Running as an underdog is “freeing,” she said, because she can run her campaign the way she wants to, and deliver the message she thinks is important. Her efforts aren’t subject to the same scrutiny from her party as candidates in tighter races.

“All we know so far is what hasn’t worked,” she said. “So nobody expects me to keep doing what we’ve done before. I have really been given, and supported in, thinking outside the box and focusing on whatever it is I think will resonate with people.
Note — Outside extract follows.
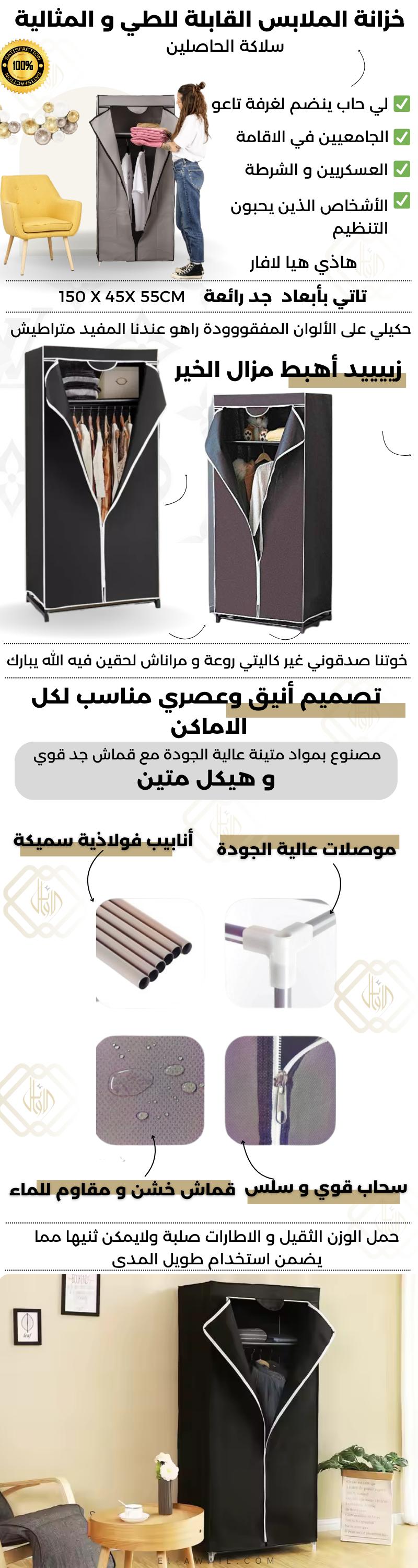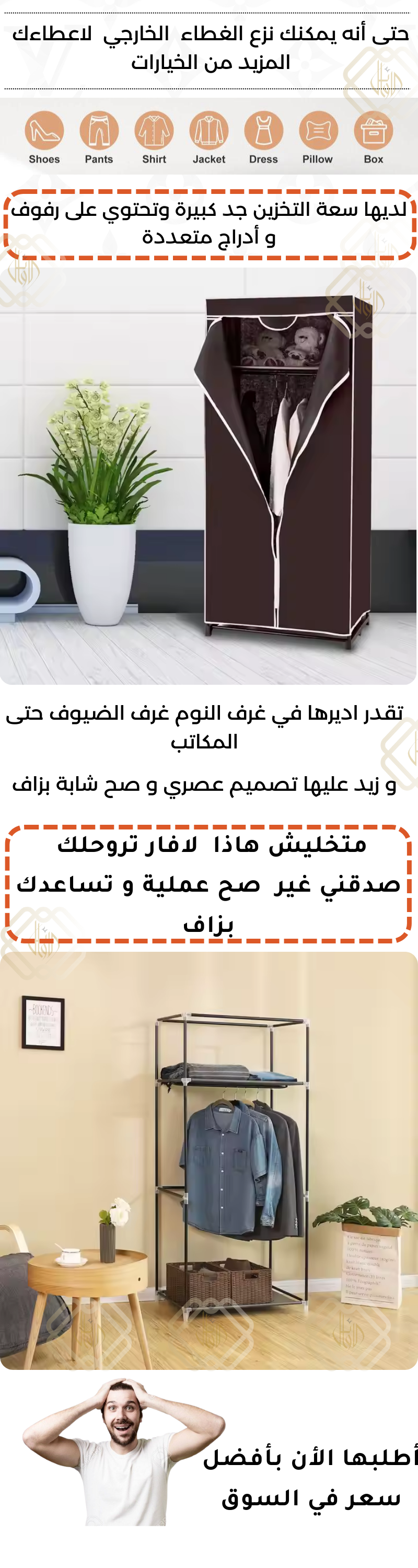 خزانة ملابس من القماش مع أرفف و غطاء قماشي

It’s been very freeing in that regard.”

Sund acknowledged she faces a huge fundraising deficit — Paulsen raised $3 million, the most of any Minnesota House incumbent, while Sund brought in just $72,000 — but she’s door knocking, soliciting petitions and doing literature drops to make her case against Paulsen. Third District voters are among the most educated in the state and she said if only they were to hear an opposing argument, they would vote against him.

Still, “I’m not going to tell you it doesn’t test my character, my optimism,” Sund said. But she said some Democrat needed to run against Paulsen — and she wanted to be the one to do it.

“I don’t care how big that mountain is, if I don’t do something, it’s going to stay a mountain,” she said. “But if I go and I work at it and I convince other people to join me, then we can knock that mountain down and we can create a plain where we can grow and harvest.”

Daggett said he wasn’t intimidated by the prospect of running as a Republican in the state’s most Democratic district. He said he’s made a point to visit areas of the district like North Minneapolis and the Somali-dominated neighborhood of Cedar-Riverside to talk about politics and economics.

The 5th District is unfriendly territory, politically, for Republicans — Daggett said there are 12 state Senators and 24 state House members in the district, and not one of them is a Republican. But, “I’ve never been one to preach to the choir. So my desire was that I’ve be out amongst the people, and hearing their stories and hearing about their lives.”

MinnPost photo by Devin Henry
Daggett said he wasn’t intimidated by the prospect of running as a Republican in the state’s most Democratic district.

Daggett said his friends asked him why he chose a run against Ellison as his first campaign. By law, he could have chosen to run in another district — unlike candidates for the state legislature, congressional candidates in Minnesota are not required to reside in the district they seek to represent.

“Because my wife and I live here. I don’t need to be a congressman. This where we live,” he said. “It’s not to win a political campaign. It’s to try to have a positive impact and bring a better life to people.”